Que Deus vos torne a guardar!
Cavalleiro de armas brancas
Viste-lo aqui vós passar?
- Cavalleiro de armas brancas
Morto está no areal.
O corpo tem-o na areia,
E a cabeça no juncal.

Tres chagas tem no seu corpo,
Todas três de homem mortal:
Por uma chaga entra o sol
E por outra entra o luar:
Pela mais pequena d’ellas
Entrava a aguia real
Com suas asas abertas
E sem as ensanguentar».

Colhido da tradição oral em Valpaços, em 1889.
Joaquim de Castro Lopo


«QUEM QUISER VIVER ALEGRE

Quem quiser viver alegre
Não busque campanha minha,
Que me pariu minha mãe,
Em uma escura montina.
Encontrou-me um ermitão,
Levou-me p’ra a sua ermida,
Sete annos me deu leite
De uma leona parida,
Outros sete me deu pão
De que rendia a ermida.
“Sete e sete são quatorze,
Já podeis ganhar a vida”.
Entregou-me armas, cavallo,
Impontou-me serra a cima.
Encontrei-me com os mouros,
Puseram-me guerra viva.
Quatrocentos lhes matei,
Outros tantos lhe ferira.
Prisionaram-me e levaram-me
P’ra a maior prisão que havia.
Sete annos estive eu nella,
Inda hoje lá estaria,
Se não fora a boa gente
Que naquella terra havia.

Colhido da tradição oral em Valpaços, em 1890,
Joaquim de Castro Lopo»

Fonte: Revista Lusitana, vol II, fasc.
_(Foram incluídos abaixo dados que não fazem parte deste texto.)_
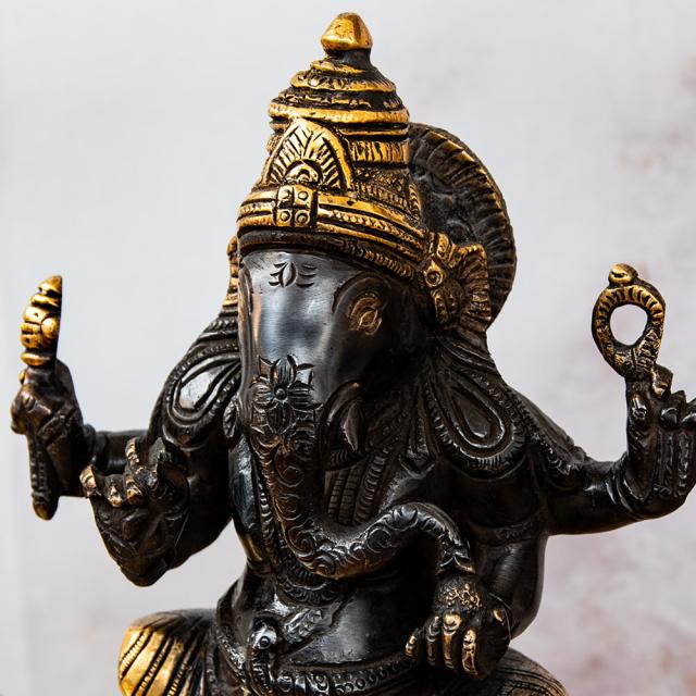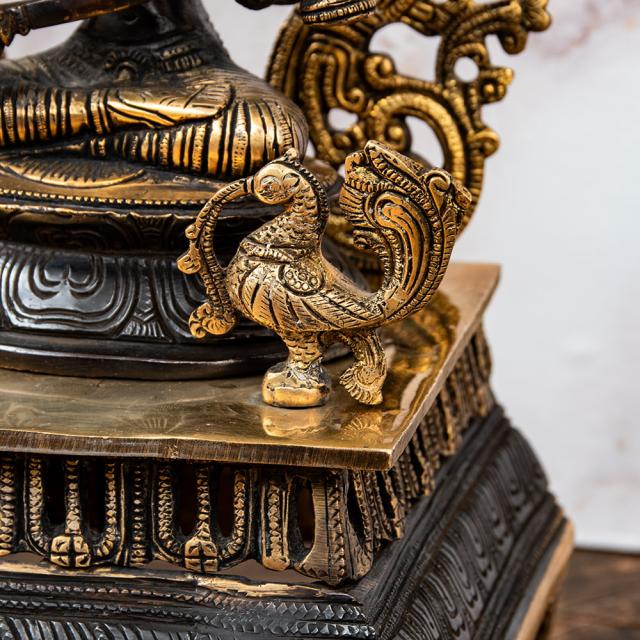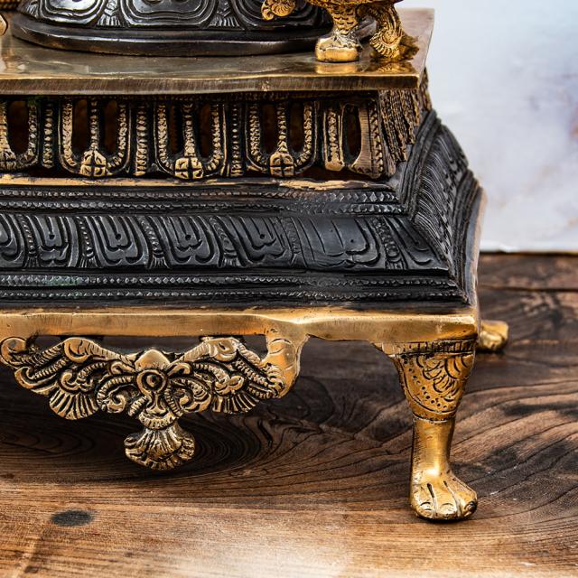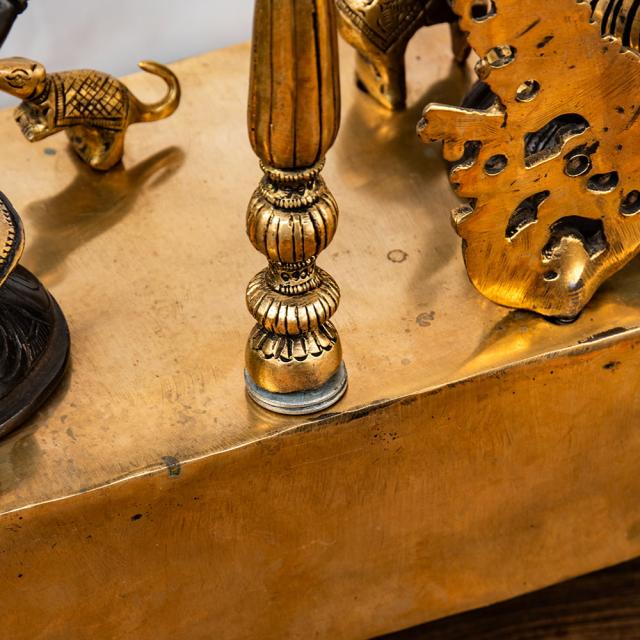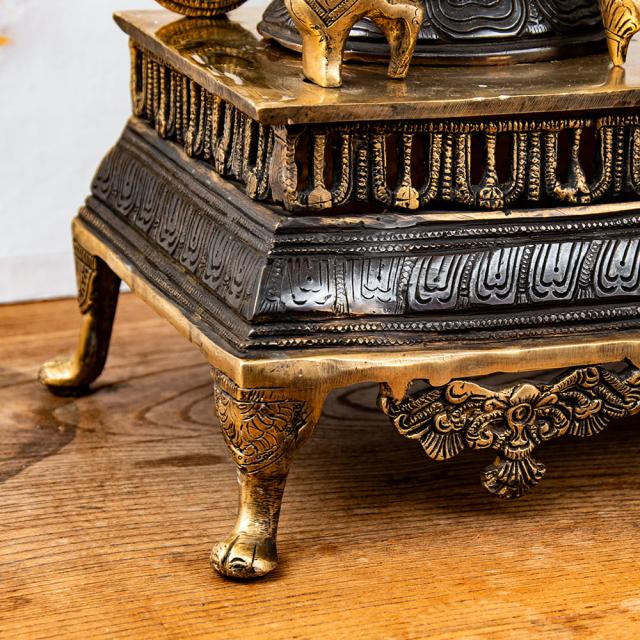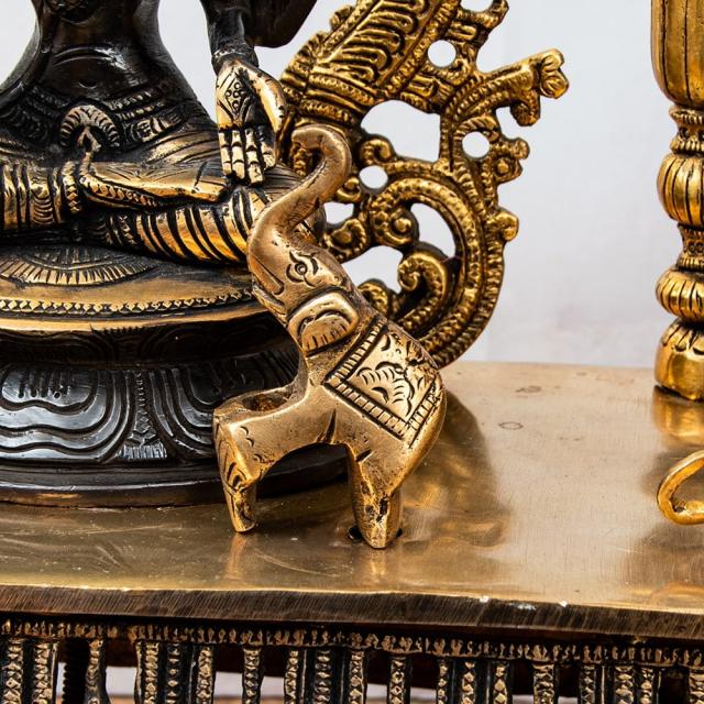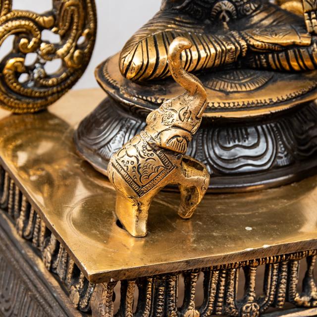 一般的にブラス像は、金属のベースの色である金色のみ単色の場合が一般的です。一方こちらは、神像を中心に黒く塗装が施しており、金色と黒のコントラストが美しく高級感があります。職人による丁寧な仕事が感じられる品です。

I e III


CANCIONEIRO POPULAR

Escolha de rimas infatins / canções de embalar recolhidas em Valpaços.

Cala, cala, meu menino,
Quem é que te há-de arrolar?
Tua mãe foi para o moinho
E teu pai caiu ao mar.


Dorme, dorme meu anjinho,
Meu raminho de jasmim;
Eu vou chamar por Jesus,
Que venha p’ra o pé de ti.


Ró-ró, meu menino,
Dorme e descansa:
Tu és o meu alívio
E a minha esperança.


Rola, rola, meu filhinho,
No teu berço de alecrim…
Lençóis de cambraia fina,
Cobertores de cetim.


Por: Leonel salvado

Fonte: Vasconcelos, J. Leite de, Cancioneiro Popular Português, B.G. da Universidade de Coimbra, 1975.